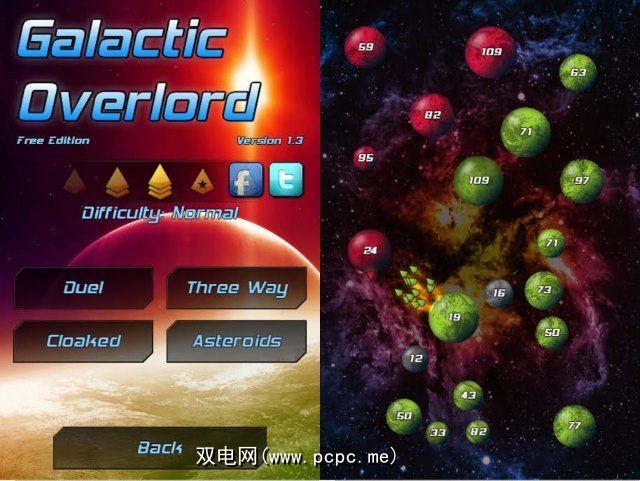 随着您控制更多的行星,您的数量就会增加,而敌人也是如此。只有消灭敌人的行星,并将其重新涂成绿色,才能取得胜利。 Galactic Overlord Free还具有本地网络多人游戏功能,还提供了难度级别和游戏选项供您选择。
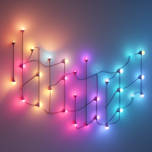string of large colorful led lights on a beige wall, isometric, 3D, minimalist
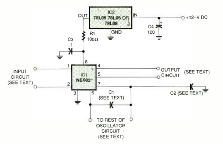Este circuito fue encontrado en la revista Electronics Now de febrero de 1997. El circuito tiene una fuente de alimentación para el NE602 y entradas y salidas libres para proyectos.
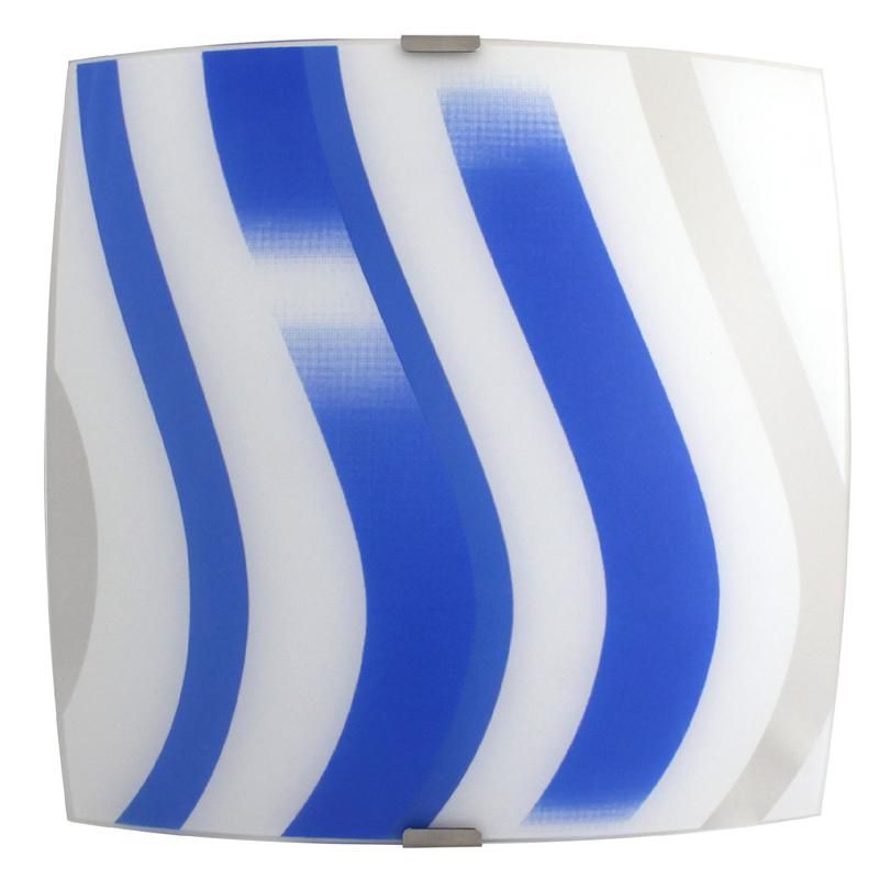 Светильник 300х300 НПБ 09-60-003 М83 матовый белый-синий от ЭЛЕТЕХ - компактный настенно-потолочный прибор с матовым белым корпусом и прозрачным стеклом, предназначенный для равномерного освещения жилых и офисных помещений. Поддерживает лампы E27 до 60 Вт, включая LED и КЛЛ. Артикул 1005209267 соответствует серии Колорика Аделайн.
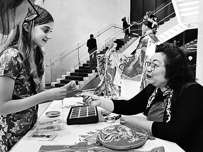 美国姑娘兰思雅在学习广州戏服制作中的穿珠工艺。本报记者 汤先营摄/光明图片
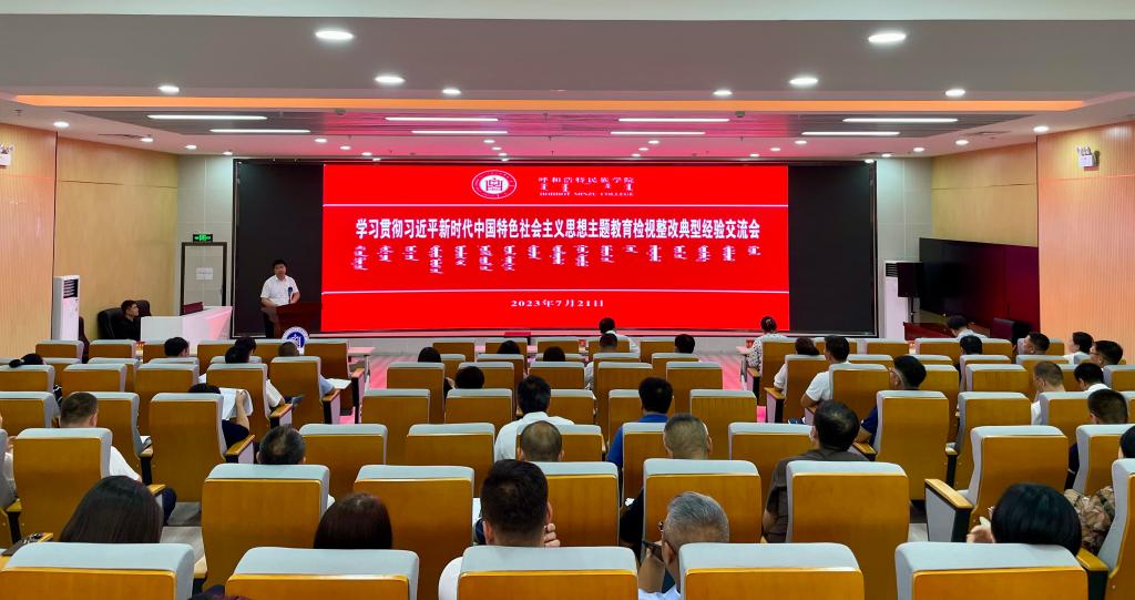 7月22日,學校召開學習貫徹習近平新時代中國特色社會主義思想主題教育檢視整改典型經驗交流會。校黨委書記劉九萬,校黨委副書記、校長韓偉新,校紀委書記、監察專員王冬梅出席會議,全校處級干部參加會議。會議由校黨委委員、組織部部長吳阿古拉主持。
==
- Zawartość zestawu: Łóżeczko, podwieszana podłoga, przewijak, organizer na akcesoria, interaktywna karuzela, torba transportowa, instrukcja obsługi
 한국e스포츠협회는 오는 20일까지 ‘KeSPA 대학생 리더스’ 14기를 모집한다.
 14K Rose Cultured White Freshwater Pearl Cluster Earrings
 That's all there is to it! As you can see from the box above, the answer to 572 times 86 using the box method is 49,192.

Your assignment:
Your answer should be the exact lines above from the one with "- Zawartość zestawu: Łóżeczko, podwieszana" through the one with "That's all there", both included, and nothing besides.

Final answer:
- Zawartość zestawu: Łóżeczko, podwieszana podłoga, przewijak, organizer na akcesoria, interaktywna karuzela, torba transportowa, instrukcja obsługi
 한국e스포츠협회는 오는 20일까지 ‘KeSPA 대학생 리더스’ 14기를 모집한다.
 14K Rose Cultured White Freshwater Pearl Cluster Earrings
 That's all there is to it! As you can see from the box above, the answer to 572 times 86 using the box method is 49,192.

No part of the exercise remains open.